# Best lab to test for CAE, CL, & Johne's?



## KellyHM (Mar 23, 2011)

I've used BioTracking for my CAE testing, but would like to test for CL and Johne's this year, just to be safe and be able to say my herd has tested negative (assuming this is the outcome).  Anyone know w good place to test for all 3?


----------



## RainySunday (Mar 23, 2011)

I haven't used them yet, but will be soon.  WADDL (I think), in Washington.  They do all 4 (Cae, CL, johnes and brucella) 

the link is:
http://www.vetmed.wsu.edu/depts_waddl/caefaq.aspx


----------



## KellyHM (Mar 23, 2011)

I think I'm going to use Pan American Vet Labs.  They're quite a bit cheaper than WADDL.


----------



## Our7Wonders (Mar 23, 2011)

I asked this not too long ago.  There was someone at the time (I think it was on this board) that had had a bad experience with Pan American Labs.  I'll see if I can find the link.  

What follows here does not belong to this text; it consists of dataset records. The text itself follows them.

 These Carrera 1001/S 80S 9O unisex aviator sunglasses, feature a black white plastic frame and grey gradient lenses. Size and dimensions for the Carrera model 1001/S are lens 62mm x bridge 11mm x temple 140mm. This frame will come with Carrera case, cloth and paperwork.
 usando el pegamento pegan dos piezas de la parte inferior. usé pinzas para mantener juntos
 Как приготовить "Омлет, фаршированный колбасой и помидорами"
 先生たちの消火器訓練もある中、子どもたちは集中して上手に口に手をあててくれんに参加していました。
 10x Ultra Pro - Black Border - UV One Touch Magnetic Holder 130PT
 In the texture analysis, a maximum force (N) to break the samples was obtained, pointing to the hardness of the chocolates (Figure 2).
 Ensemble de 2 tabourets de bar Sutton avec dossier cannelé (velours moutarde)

I know WADDL has kinda set the *standard* for testing - not that others aren't good, but it seems to be the most recommended.

Here's the link:

http://www.backyardherds.com/forum/viewtopic.php?id=8366


----------



## phoenixmama (Mar 23, 2011)

WADDL is who everyone around here (everyone that tests anyway) uses...


----------



## babsbag (Mar 24, 2011)

I use CAHFS at UC Davis for CAE/CL. Don't know about Johne's but I would imagine that they do. There prices seem very reasonable.

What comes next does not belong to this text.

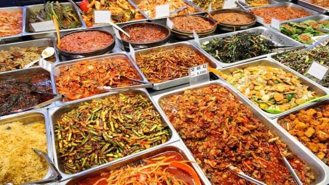 반찬 가게의 다양한 한국식 반찬들 / 501room-shutterstock.com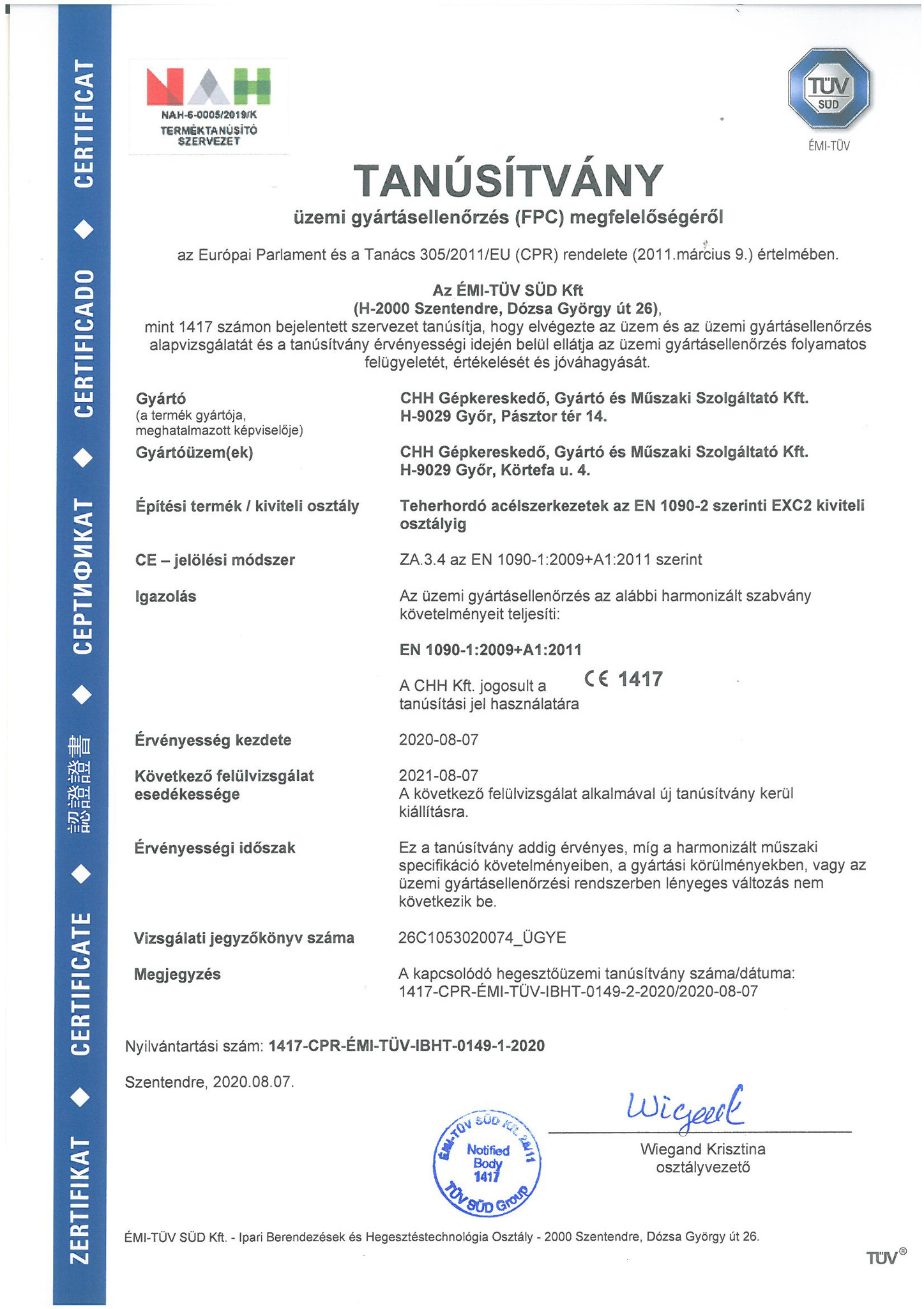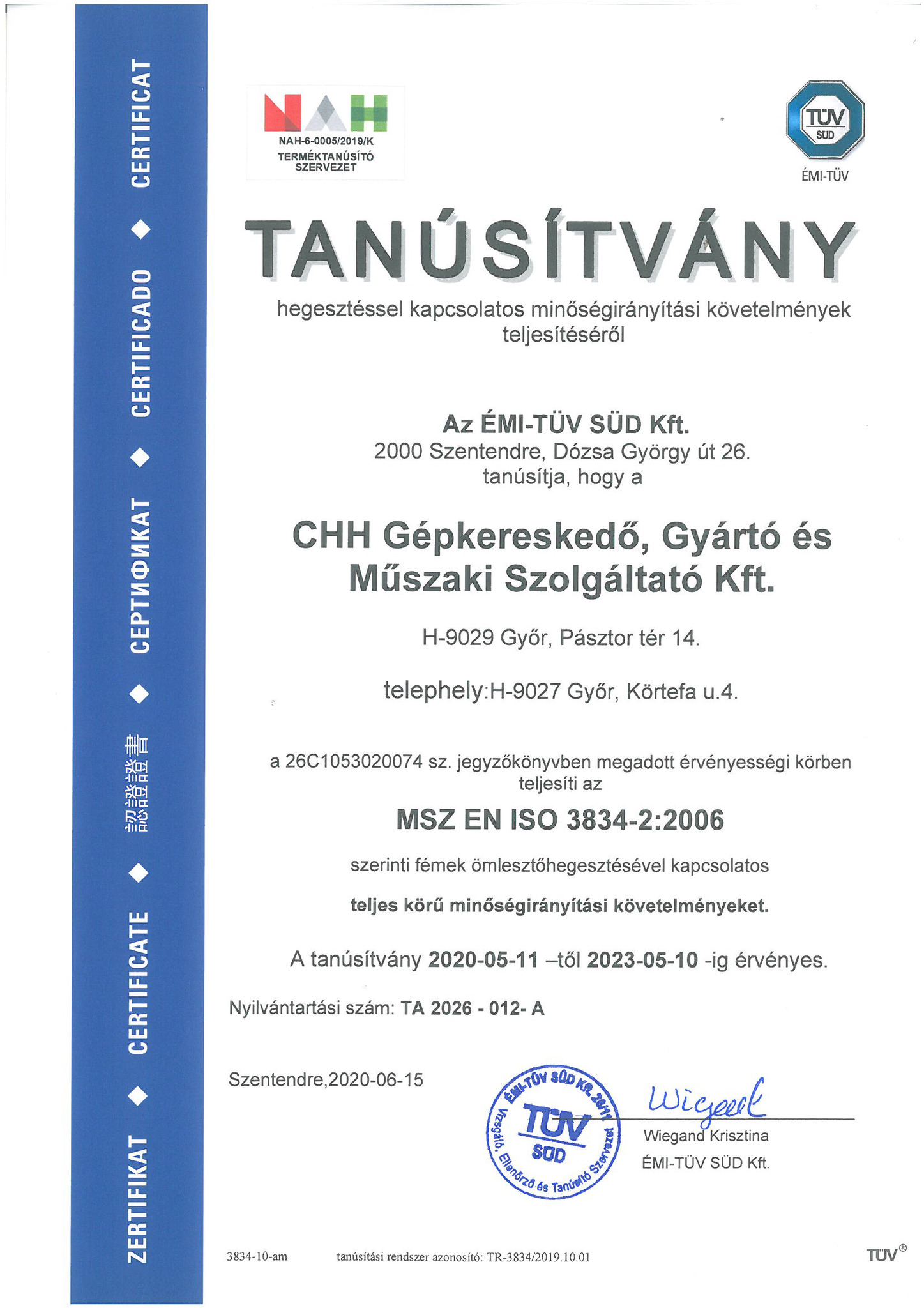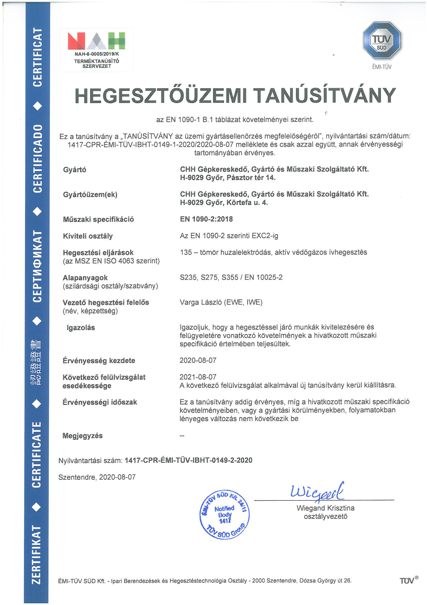 A CHH Műszaki KFT elkötelezett a szakmaiság és a magas minőség mellett. Gyártási színvonalunk emelése érdekében a jövőben ISO irányelvek mentén végezzük gyártási folyamatainkat. Magfeldolgozó technológiát támogató hegesztett acélszerkezetek- és egyéb mezőgazdasági kiegészítők gyártása és szerelése hegesztőüzemünkben MSZ EN ISO 3834:2:2006 szabvány szerint történik. 2020 augusztusában bevezettük az EN ISO 9010-1 gyártásközi minőség tanúsítást. A CHH Műszaki KFT a további piacszerzés érdekében elsősorban a gyártási tevékenység fejlesztését tűzte ki célul. A modern fém megmunkáló üzemünk fejlesztése lehetőséget ad a hosszú távú, stabil, kiszámítható fejlődésre.

Here is a link to the submission forms.

http://www.cahfs.ucdavis.edu/submission_forms/index.cfm


----------



## ksalvagno (Mar 24, 2011)

I have had a very good experience with Pan American Vet Lab and will use them again.


----------



## oakmarsh nigerians (Apr 8, 2011)

Are there any east coast labs? I want to make sure we're clean, too. Also, how often should the herd be tested? I'll likely show ours.


----------



## KellyHM (Apr 8, 2011)

I used Pan American Vet Labs and everyone tested clean for CAE, CL, & Johne's.  

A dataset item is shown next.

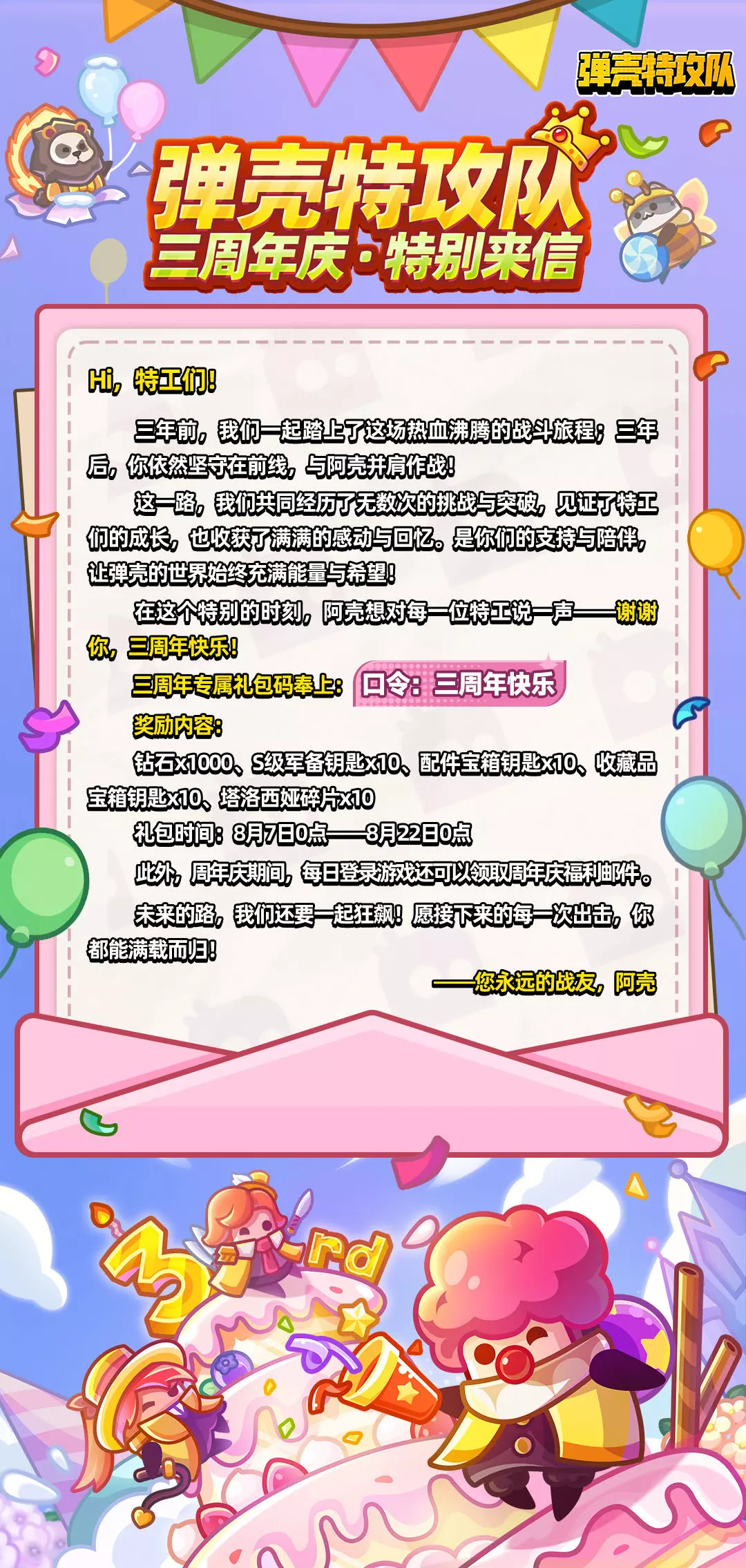 弹壳特攻队三周年特别来信!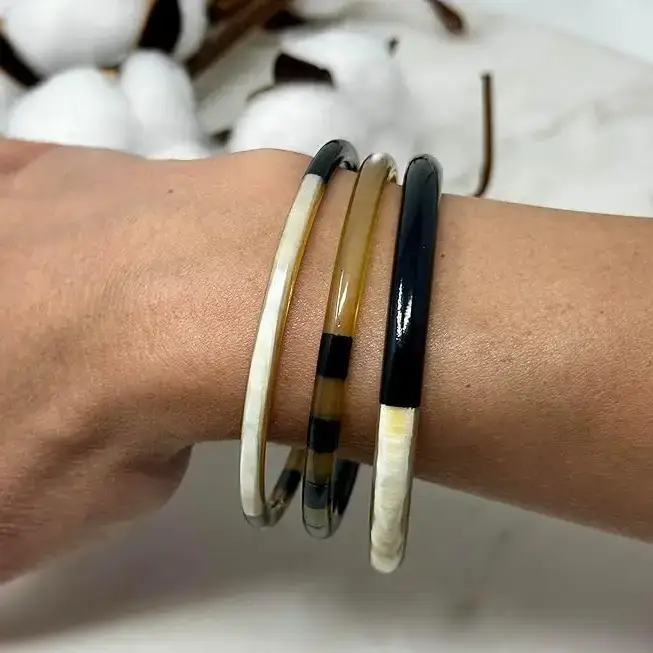 🌟 Breng een natuurlijke en elegante touch aan uw aanbod met deze armband van buffelhoorn, middelgroot en rond, met een verfijnd design.

I think most people test once a year and the animals tested need to be at least  months old, or even a year, for the tests to be accurate.


----------



## julieq (Apr 10, 2011)

We use WADDL for everything.  Our previous vet made a mistake and sent CAE tests to Idaho State lab one year and we had a false positive on a doe that we'd sold into a clean herd.  Won't make that mistake again!  Fortunately we had her retested at WADDL immediately and she was negative (as with her previous tests), but it gave us and her new owners some premature grey hairs.


----------